- Born: 1969 (age 56–57) Ireland
- Occupations: Photographer, Author
- Known for: The Lost Executioner: A Story of the Khmer Rouge
- Awards: 2011 News & Documentary Emmy Award nomination

= Nic Dunlop =

Nic Dunlop (born 1969) is a photographer and author.

==Early life and education==
Dunlop was born in Ireland, lives in Bangkok, Thailand. He studied at the Central School of Art and Design in London.

==Career==

===Film director===
Dunlop co-wrote and co-directed the HBO film Burma Soldier with Anne Sundberg, and Ricki Stern. The film was awarded the "Grand Jury Prize for Best Documentary" at the 2011 United Nations Association Film Festival, and Dunlop received a 2011 News & Documentary Emmy Award nomination for "Outstanding Individual Achievement in a Craft: Writing" for his writing.
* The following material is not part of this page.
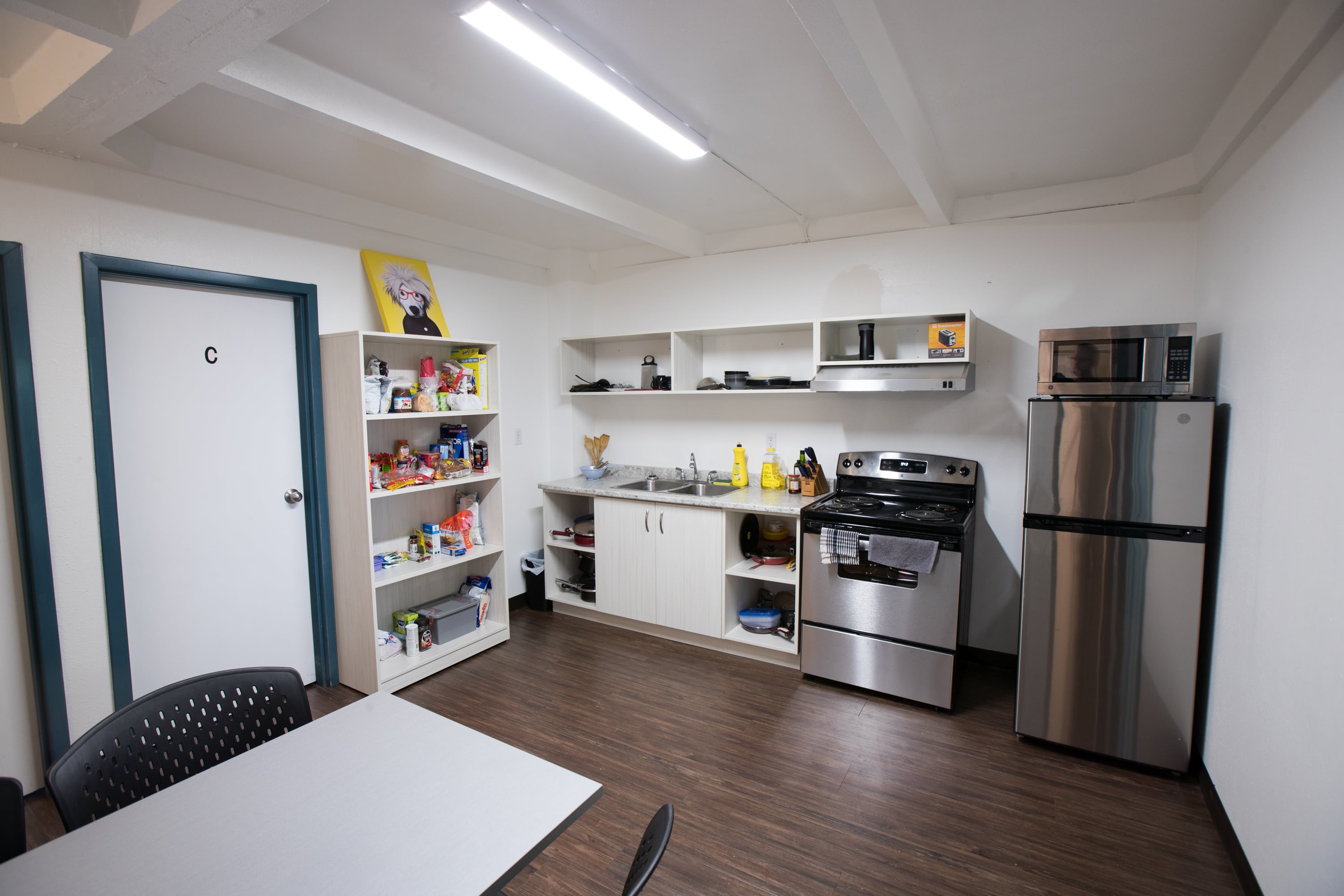 - A bed, desk, sink, kitchen with microwave, stove and fridge in each room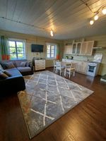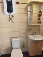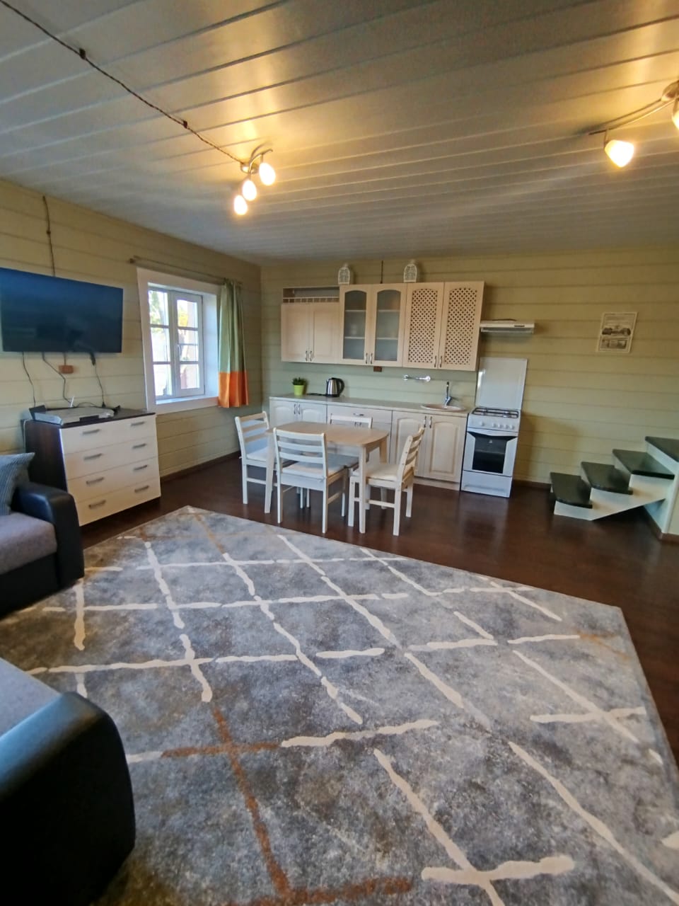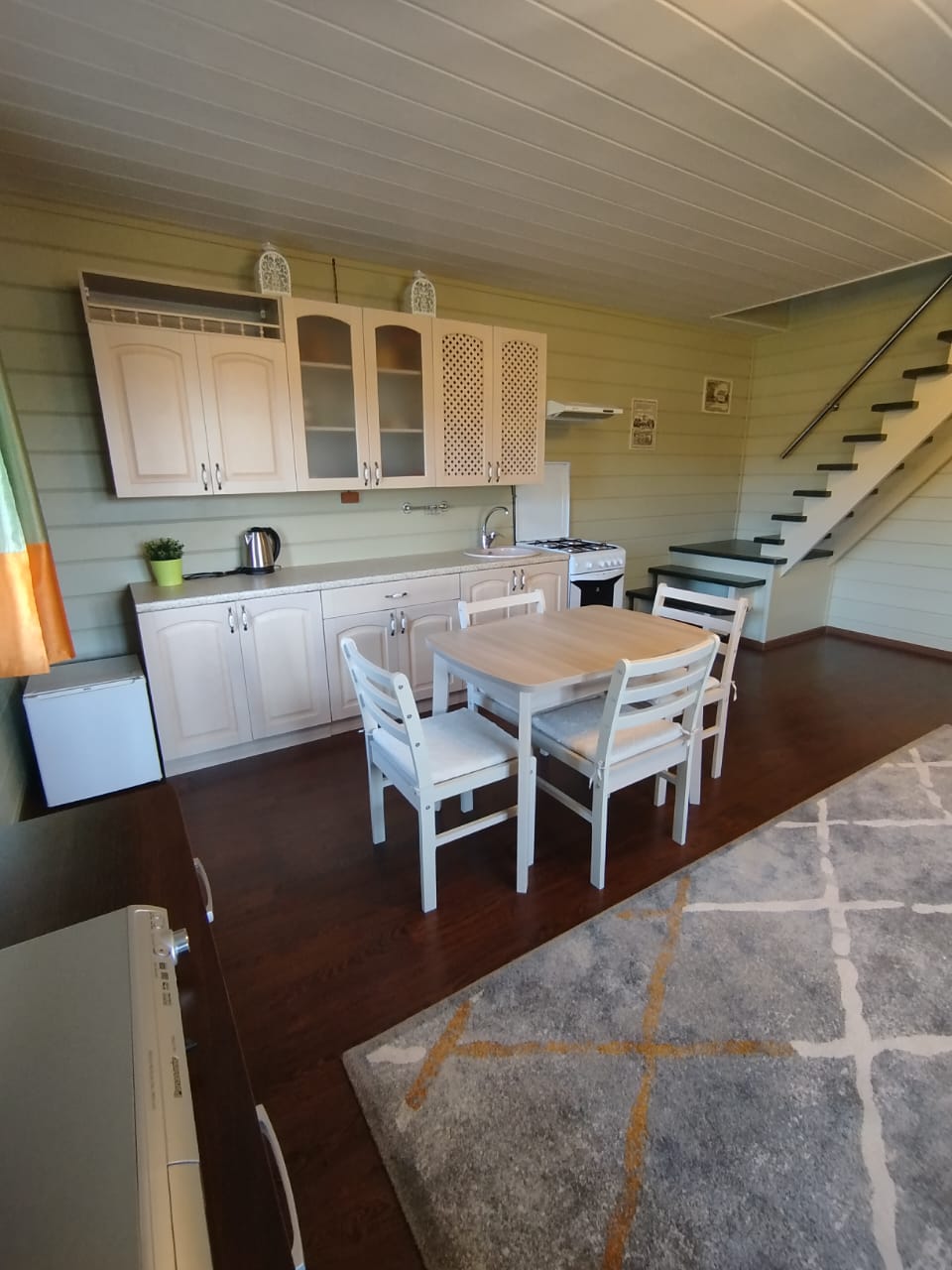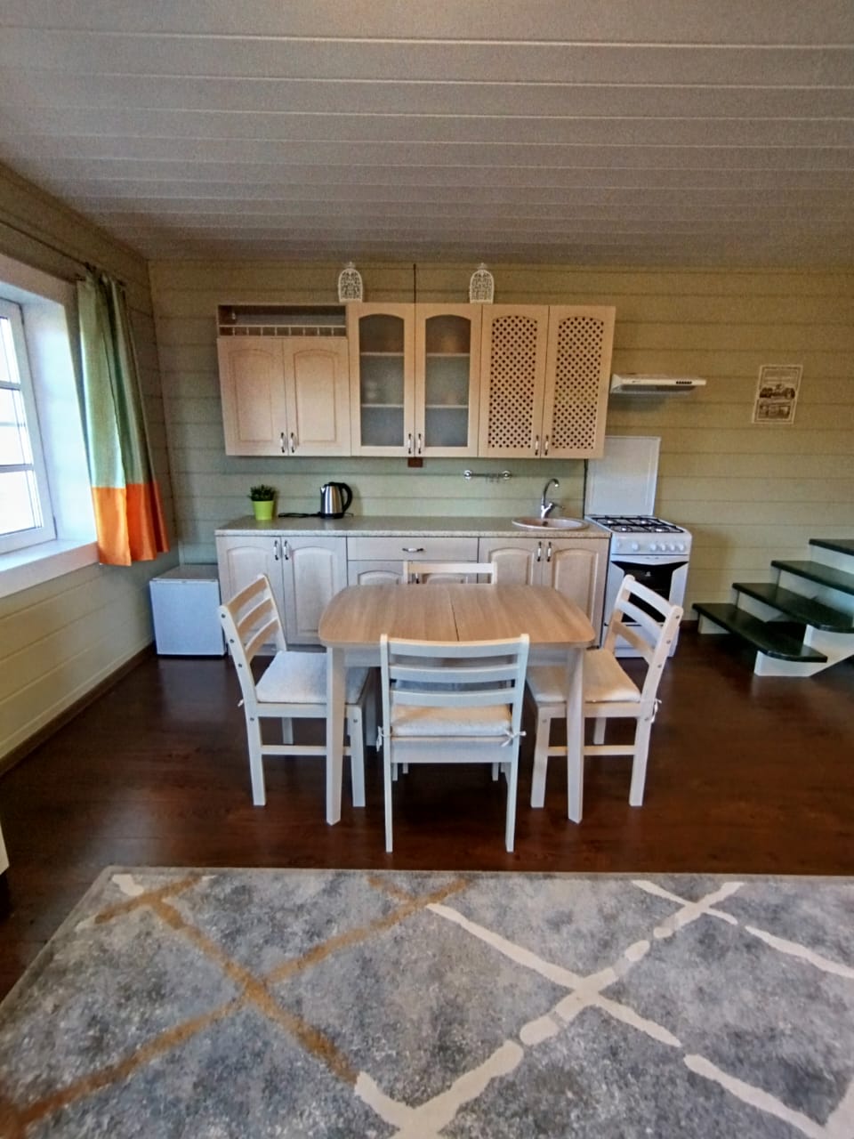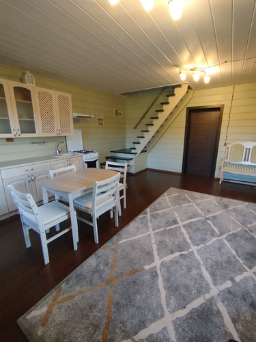 Основной дом построен в 2017 году, имеет два этажа и три комнаты. Общая площадь — 92 кв. м, жилая — 55 кв. м. Высота потолков — 3 метра, что создаёт ощущение простора и свободы. Евроремонт позволит вам сразу заселиться и наслаждаться комфортом. Все дома предназначены для круглогодичного проживания.

===Author and photographer===
Dunlop co-authored War of the Mines (1994) with Paul Davies, about the devastation caused by landmines. His book The Lost Executioner: A Story of the Khmer Rouge (Bloomsbury, UK 2005; Walkerbooks, US 2006) was the result of a research supported by the Fund for Investigative Journalism. Dunlop exposed Kaing Guek Eav a.k.a. Comrade Duch, the former head of Democratic Kampuchea's dreaded special branch: the Santebal. Duch disappeared after the fall of the Khmer Rouge regime in 1979. In 1999, Dunlop tracked Duch to Samlaut, Cambodia, where Duch had been transferred as Director of Education. Several months later, Nate Thayer, who had previously interviewed Pol Pot and Ta Mok, accompanied Dunlop where they interviewed Duch for the Far Eastern Economic Review. Duch surrendered to the authorities in Phnom Penh following the publication of his interview. Duch was later tried and found guilty of War Crimes and Crimes Against Humanity becoming the first former Khmer Rouge to be tried and sentenced by the UN-backed tribunal in Phnom Penh, Cambodia. Dunlop received an award from the Johns Hopkins University for Excellence in International Journalism for exposing Duch.
Dunlop spent 20 years photographing Burma's military regime (1992-2012). His book, Brave New Burma, a portrait of the country in pictures and words, was published in 2013.

He is currently working on a long-term project about the Battle of Aughrim (1691) in Galway, Ireland. A short version appeared in Granta magazine.